Further, after the battery adhesive sheet 1 according to the present embodiment is attached to an aluminum plate and immersed in a solvent of a non-aqueous electrolytic solution at 80 ° C. for 72 hours, the adhesive strength (electrolysis) of the battery adhesive sheet 1 to the aluminum plate. The lower limit of the adhesive strength after immersion in the liquid solvent is preferably 0.5 N / 25 mm or more, more preferably 0.75 N / 25 mm or more, and particularly preferably 1.0 N / 25 mm or more. Furthermore, it is preferably 2.0 N / 25 mm or more. Since the lower limit of the adhesive strength of the battery adhesive sheet 1 after being immersed in the electrolytic solution solvent is as described above, the battery adhesive sheet 1 can be used even after the battery adhesive sheet 1 is in contact with (immersed) in the electrolytic solution. The problem of peeling from the adherend (especially metal member) is unlikely to occur. The upper limit of the adhesive strength after immersion in the electrolytic solution solvent is not particularly limited, but is usually preferably 40 N / 25 mm or less, more preferably 30 N / 25 mm or less, and particularly 20 N / 25 mm or less.
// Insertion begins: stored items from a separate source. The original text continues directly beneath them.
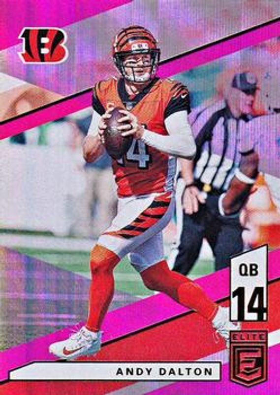 The Andy Dalton 2019 Elite #58 Pink card is 1 of 10 Andy Dalton's card variations in the 2019 Elite set being tracked by Sports Card Investor, including Green, Red /299, Purple /99, Orange /49, and Aspirations Die-Cut /24.
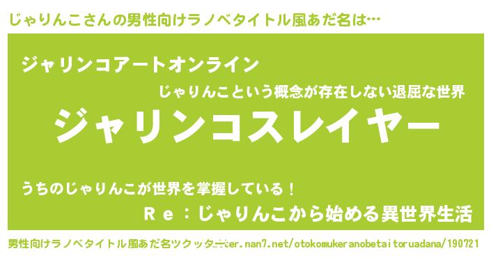 | 胡散臭い通販商品みたいなあだ名 | 『必ず成功する霊験あらたかなお札…その名も「じゃりんこ」』 |
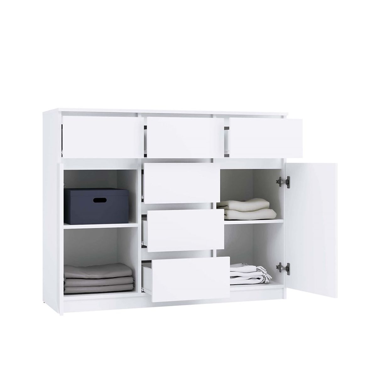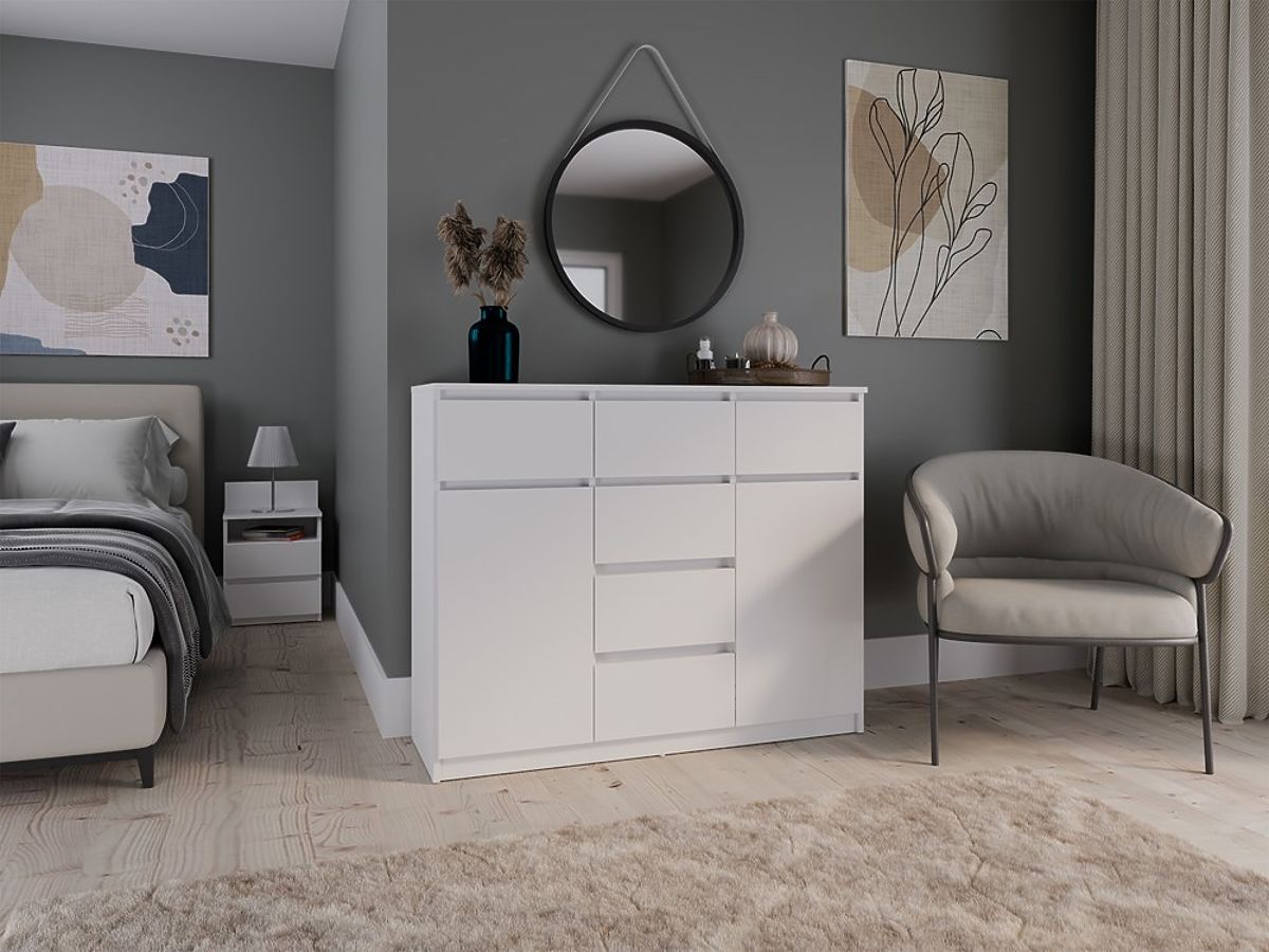 • Universelles Design: Die einfache, elegante Form der Kommode in mattweiß sorgt dafür, dass sie sowohl in moderne als auch klassische Interieurs passt. Grifflose Fronten betonen den minimalistischen Charakter und gewährleisten gleichzeitig eine bequeme Nutzung.
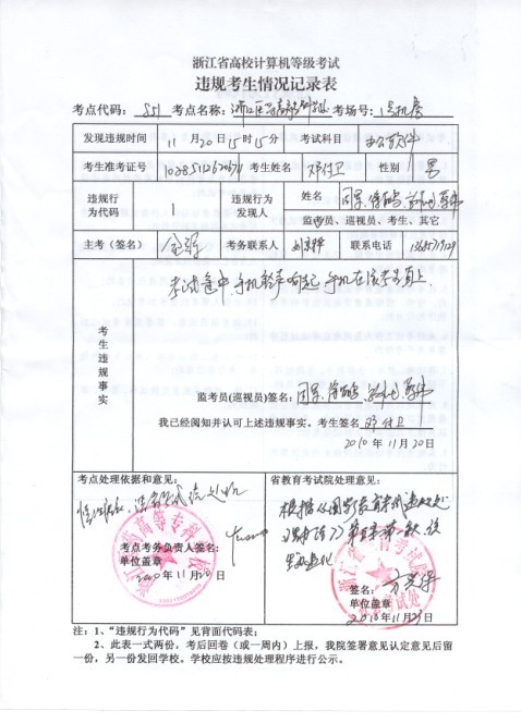 浙江省计算机考试违规先生记录表公示

It is preferable, and more preferably 10 N / 25 mm or less. The battery pressure-sensitive adhesive sheet 1 according to the present embodiment contains the above-mentioned (meth) acrylic acid ester polymer (A), preferably a metal chelate-based cross-linking agent (B), and particularly preferably a silane coupling agent (C). By having the pressure-sensitive adhesive layer 13 formed by using the pressure-sensitive adhesive composition P contained therein, excellent adhesive strength in the above range can be achieved. The solvent of the non-aqueous electrolytic solution here is a prepared solution obtained by mixing ethylene carbonate and diethyl carbonate in a volume ratio of 1: 1.

The adhesive strength after immersion in the electrolytic solution solvent is preferably 50% or more, more preferably 60% or more, and particularly preferably 70% or more, based on the adhesive strength before immersion in the electrolytic solution solvent. Further, it is preferably 100% or more.

The thickness of the battery adhesive sheet 1 (excluding the thickness of the release sheet 14) is preferably 10 to 250 μm, particularly preferably 15 to 110 μm, and further preferably 20 to 45 μm. When the thickness of the battery adhesive sheet 1 is within the above range, the battery adhesive sheet 1 becomes more suitable because it has both adhesive strength and heat resistance.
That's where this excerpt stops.